On Friday, on the same day the resolution passed, the AP reported on an airstrike that killed 76 members of a family in Gaza.

“The only logical conclusion is that Israel’s military operation in Gaza aims to deport the majority of the civilian population en masse.”

UN Special Rapporteur on the human rights of internally displaced persons (IDPs) Paula Gaviria Betancur

What does the resolution mean for civilians?

The resolution demands that both parties “to the conflict allow and facilitate the use of all available routes to and throughout the entire Gaza Strip for the provision of humanitarian assistance” to ensure that all such assistance reaches the civilian population “through the most direct routes.” It also demands the same for “material and equipment to repair and ensure the functioning of critical infrastructure and to provide essential services.”

Article 3 of the resolution also “stresses the importance of respecting and protecting border crossings and maritime infrastructure used for the delivery of humanitarian assistance at scale.”

Both the Rafah and Kerem Shalom border crossings were attacked recently by air and drone strikes.

Articles 4 and five request the UN Secretary-General to appoint a “Senior Humanitarian and Reconstruction Coordinator” expeditiously.
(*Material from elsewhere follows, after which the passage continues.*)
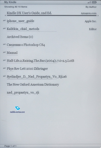 Поставки Amazon Kindle DX International начались в январе 2010 года. Таким образом, думается мне, устройство вполне можно считать современным и предъявлять к нему определённые требования. К сожалению, устройство получилось недоработанным, но это не останавливает людей в России перед тем, чтобы приобщиться к прекрасному. Некую аналогию можно провести с Blackberry, iPhone – не используя заложенных в устройство функций, человек счастлив уже благодаря самому факту обладания вещью. Amazon Kindle – типичное устройство, ориентированное на продажу контента. Типичная модель продаж в таком случае – низкая цена на само устройство, которая компенсируется оплатой дополнительных услуг. Другой вариант – некоторые модели телефонов Nokia, при покупке которых даётся неограниченный доступ к музыкальному каталогу. ![]() К сожалению, в случае Kindle такая система даёт сбой. Устройство продаётся за 500 долларов, контент отнюдь не бесплатен. Книги и подписка на журналы стоят несколько долларов (впрочем, есть и бесплатные образцы). ![]() В характеристиках устройства гордо заявлено, что компьютер не требуется, ведь внутри установлен 3G-модем. Очевидно, компанией Amazon поощряется использование читалки в связке с их замечательным интернет-магазином книг. К сожалению, американские мечты с треском и грохотом разбиваются о российские реалии. Насколько я могу судить по беглому чтению тематических форумов на русском языке, приобретать книги на языке оригинала горят желанием далеко не все. Лично я в системе Amazon регистрироваться не стал и данные своей пластиковой карты не вводил. Таким образом, нижеследующий текст практически полностью посвящён нецелевому использованию устройства. Если Вас интересует исключительно легальный контент, купленный у Amazon, то обзор вряд ли покажется интересным. Так как комплект поставки достаточно скуден, и обсуждать его в отдельной главе нет смысла, хотелось бы отметить одну вещь – чехол не поставляется вместе с устройством, из этого можно сделать два вывода: первый – Amazon пожадничали, второй – использование вне дома в компании не считают приоритетным. Стоимость аксессуара - порядка 50 долларов в США, в России – около 3000 рублей. ![]() Конструкция, внешний видKindle DX - весьма громоздкий аппарат, на весу долго держать его не получится – руки достаточно быстро устают. ![]() Практически всю лицевую часть устройства занимает экран, однако места, чтобы ухватиться руками, с избытком. Снизу от экрана расположена клавиатура, справа – элементы управления. ![]() На нижнем торце расположен порт microUSB и два стереодинамика, на верхнем – слайдер, отвечающий за блокировку и спящий режим, а также разъём 3.5 мм для наушников, на правом – сдвоенная клавиша регулировки громкости. Левый торец никаких функциональных элементов не содержит, равно как и задняя часть. ![]() ![]() ![]() ![]() Крышка батарейного отсека металлическая, практически не прогибается. К сожалению, пластиковая накладка выше крышки, под которой, видимо, скрывается антенна радиомодуля, скрипит и смазывает впечатление от очень хорошей сборки аппарата. ![]() УправлениеКлавиши на клавиатуре миниатюрны, по какой причине их не сделали больше – для меня загадка. Кроме того, верхний ряд кнопок – буквенно-цифровой, что вносит определённые неудобства. Русских букв на клавиатуре нет. ![]() Кнопки для управления читалкой делятся на три блока. Первый б

This coordinator would be responsible for “facilitating, coordinating, monitoring, and verifying in Gaza…the humanitarian nature of all humanitarian relief consignments to Gaza provided.”

Article 14 demands the implementation of Resolution 2712 (2023), which “calls for urgent and extended humanitarian pauses and corridors throughout the Gaza Strip…to enable…the full, rapid, safe, and unhindered humanitarian access for” the facilitation of “continuous, sufficient and unhindered provision of essential goods and services important to the well-being of civilians…throughout the Gaza Strip.”

In layman’s terms: We need urgent and extended humanitarian pauses (not a ceasefire, but ‘breaks’ in the violence) to allow for essential goods and services to reach the starving and ailing civilians in Gaza, scale up the delivery of those life-saving essentials, and a mechanism needs to be put in place for these essentials for life reach those people. And, of course, that all sides need to respect International Humanitarian Law.

We also need to deliver all those essentials urgently.

It’s a resolution that’s all talk and no teeth.

Netanyahu likely preferred one that called for the continuation of the mass slaughter of Palestinians. He’ll have to make do with this one for now.